#### PROBLEM TO SOLVE:
An exact copy of the records below is needed, with every picture left out.

Stored records:
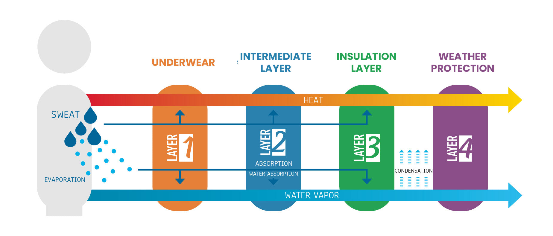 A clothing concept for all temperatures and weather conditions throughout the year. With the 4 defined layers, maximum comfort is guaranteed. Different polyester fibers are used, which meet the required cooling in the active phase, but also a quick re-drying time in the rest phase.
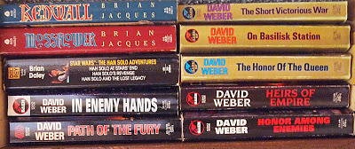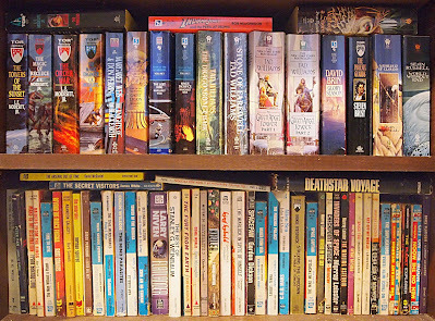 Here we begin to see some of the SF books I picked up likely in the 1990's. I have 8 Honor Harrington books. I stopped reading those after I found myself rooting for the "socialist" Peeps and realized that they would never win.
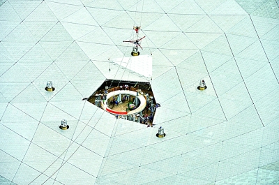 正在安裝中的“天眼”最后一塊反射面單元。剛攝/光明圖片
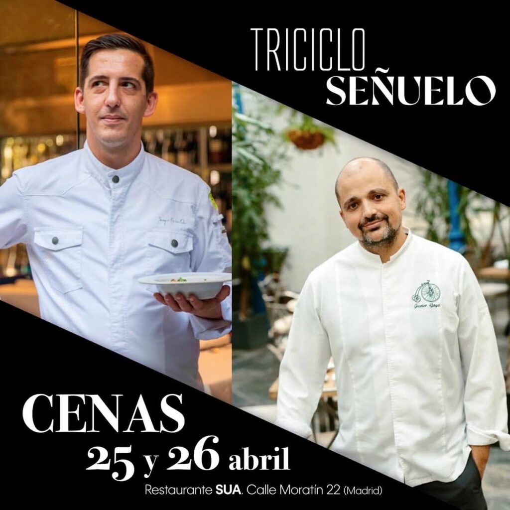 En esta ocasión, dos grandes de la gastronomía española, Sergio Giraldo (Señuelo, de Valencia) y Javier Goya (Triciclo, de Madrid) se reunirán en el restaurante SUA de Madrid para un cuatro manos, en donde cocinarán sus mayores especialidades, habrá de todo, para todos los gustos y para chicos y grandes.
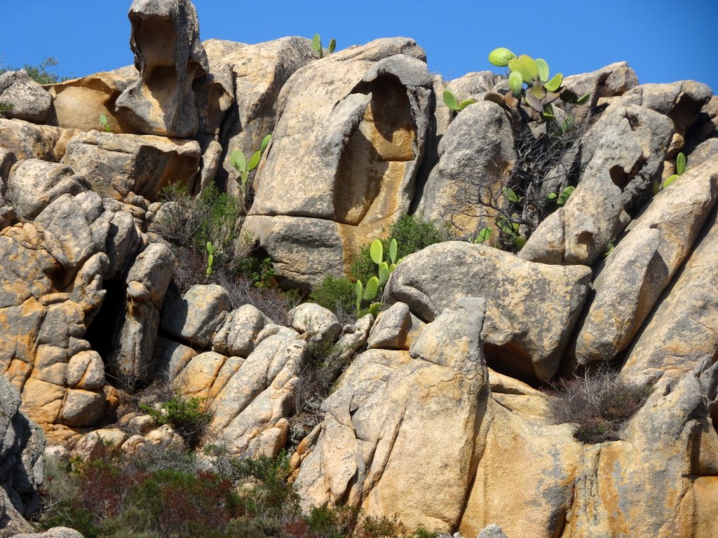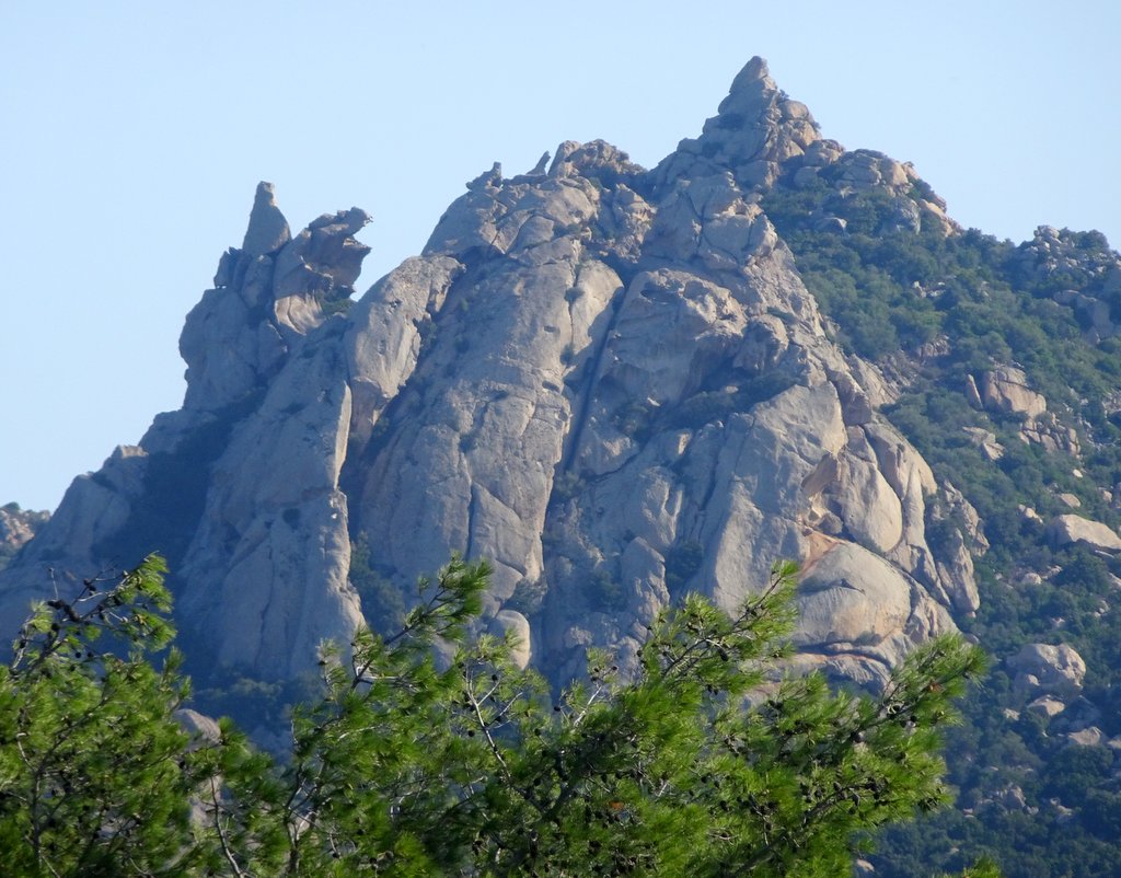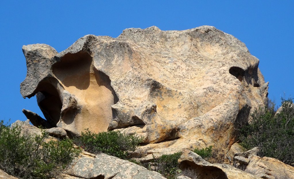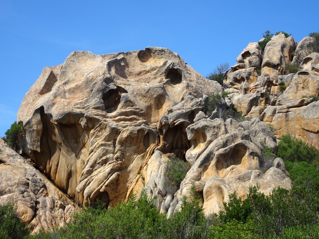 Aujourd'hui, quel que soit le temps, je dois partir … A l'habitude, les pluies redoublent d'intensité au lever du jour. Parfois, pourtant, ça se calme. Mais là, non, ce maudit temps ne cesse pas. Je boucle bien les sacoches, harnache le Mulet, mets le poncho avec le casque vissé sur la capuche et sur la casquette … pour le soleil !, et file dans les ruelles pentues de Orgosolo. J'ai repéré quelques points de passage : Oliena, Ulla biti … pour aboutir à La Caletta au bord de la Méditerranée. Les freins commencent à se faire entendre du fait de l'usure. Dans un virage à la sortie de Orgosolo une peinture très originale – et probablement très connue : deux rochers côte à côte ont pris forme humaine représentant un bipède faisant la sieste une main sur le ventre. Assez original.
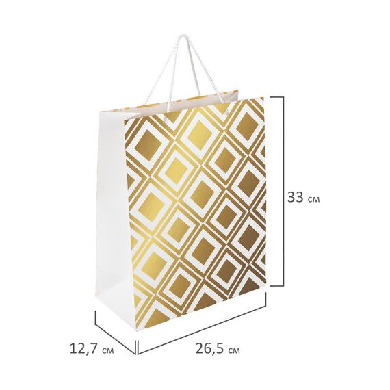 Пакет подарочный 26,5x12,7x33 см ЗОЛОТАЯ СКАЗКА "Gold Luxury", тиснение фольгой, белый
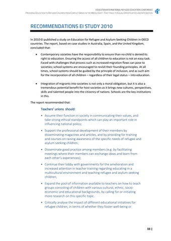 Teachers’ unions should: • Assume their function in society in communicating their values, and take strong ethical standpoints which can play an important role in influencing national policy; • Support the professional development of their members by disseminating magazines and articles, and by providing for training and courses on raising awareness of the specific needs of refugee and asylum seeking children; • Disseminate good practice among members (e.g. by facilitating meetings where their members can exchange ideas and learn from each other’s experiences); • Continue their lobby with governments for the amelioration and increased attention in teacher training regarding educating in a multicultural environment and teaching refugee and asylum seeking children; • Expand the pool of information available to teachers on how to teach groups consisting of children with various cultural, ethnic, socioeconomic and educational backgrounds, by calling for or initiating more research on this specific topic. • Critically analyse the impact of different educational initiatives for refugee children, in terms of whether they foster well-being or
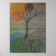Design original en crayon et encre, numériquement reproduit pour Zazzle. Lignes linéaires complexes dessins enchevêtrés sur l'arbre et la lune. Quatre saisons représentées dans l'arbre et l'arrière - plan.
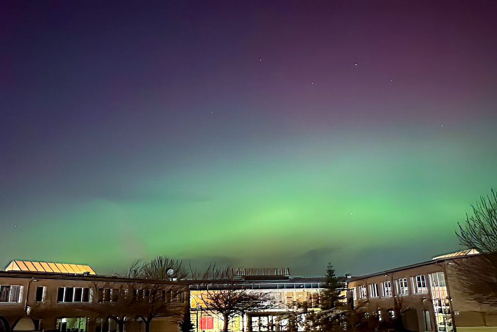 Einige Tage später in einer klaren Nacht konnte man über dem Schulgebäude am Himmel diese wunderschönen Polarlichter beobachten und einfach nur darüber staunen.

#### SOLUTION TO THIS TASK:
 A clothing concept for all temperatures and weather conditions throughout the year. With the 4 defined layers, maximum comfort is guaranteed. Different polyester fibers are used, which meet the required cooling in the active phase, but also a quick re-drying time in the rest phase.
 Here we begin to see some of the SF books I picked up likely in the 1990's. I have 8 Honor Harrington books. I stopped reading those after I found myself rooting for the "socialist" Peeps and realized that they would never win.
 正在安裝中的“天眼”最后一塊反射面單元。剛攝/光明圖片
 En esta ocasión, dos grandes de la gastronomía española, Sergio Giraldo (Señuelo, de Valencia) y Javier Goya (Triciclo, de Madrid) se reunirán en el restaurante SUA de Madrid para un cuatro manos, en donde cocinarán sus mayores especialidades, habrá de todo, para todos los gustos y para chicos y grandes.
 Aujourd'hui, quel que soit le temps, je dois partir … A l'habitude, les pluies redoublent d'intensité au lever du jour. Parfois, pourtant, ça se calme. Mais là, non, ce maudit temps ne cesse pas. Je boucle bien les sacoches, harnache le Mulet, mets le poncho avec le casque vissé sur la capuche et sur la casquette … pour le soleil !, et file dans les ruelles pentues de Orgosolo. J'ai repéré quelques points de passage : Oliena, Ulla biti … pour aboutir à La Caletta au bord de la Méditerranée. Les freins commencent à se faire entendre du fait de l'usure. Dans un virage à la sortie de Orgosolo une peinture très originale – et probablement très connue : deux rochers côte à côte ont pris forme humaine représentant un bipède faisant la sieste une main sur le ventre. Assez original.
 Пакет подарочный 26,5x12,7x33 см ЗОЛОТАЯ СКАЗКА "Gold Luxury", тиснение фольгой, белый
 Teachers’ unions should: • Assume their function in society in communicating their values, and take strong ethical standpoints which can play an important role in influencing national policy; • Support the professional development of their members by disseminating magazines and articles, and by providing for training and courses on raising awareness of the specific needs of refugee and asylum seeking children; • Disseminate good practice among members (e.g. by facilitating meetings where their members can exchange ideas and learn from each other’s experiences); • Continue their lobby with governments for the amelioration and increased attention in teacher training regarding educating in a multicultural environment and teaching refugee and asylum seeking children; • Expand the pool of information available to teachers on how to teach groups consisting of children with various cultural, ethnic, socioeconomic and educational backgrounds, by calling for or initiating more research on this specific topic. • Critically analyse the impact of different educational initiatives for refugee children, in terms of whether they foster well-being or
Design original en crayon et encre, numériquement reproduit pour Zazzle. Lignes linéaires complexes dessins enchevêtrés sur l'arbre et la lune. Quatre saisons représentées dans l'arbre et l'arrière - plan.
 Einige Tage später in einer klaren Nacht konnte man über dem Schulgebäude am Himmel diese wunderschönen Polarlichter beobachten und einfach nur darüber staunen.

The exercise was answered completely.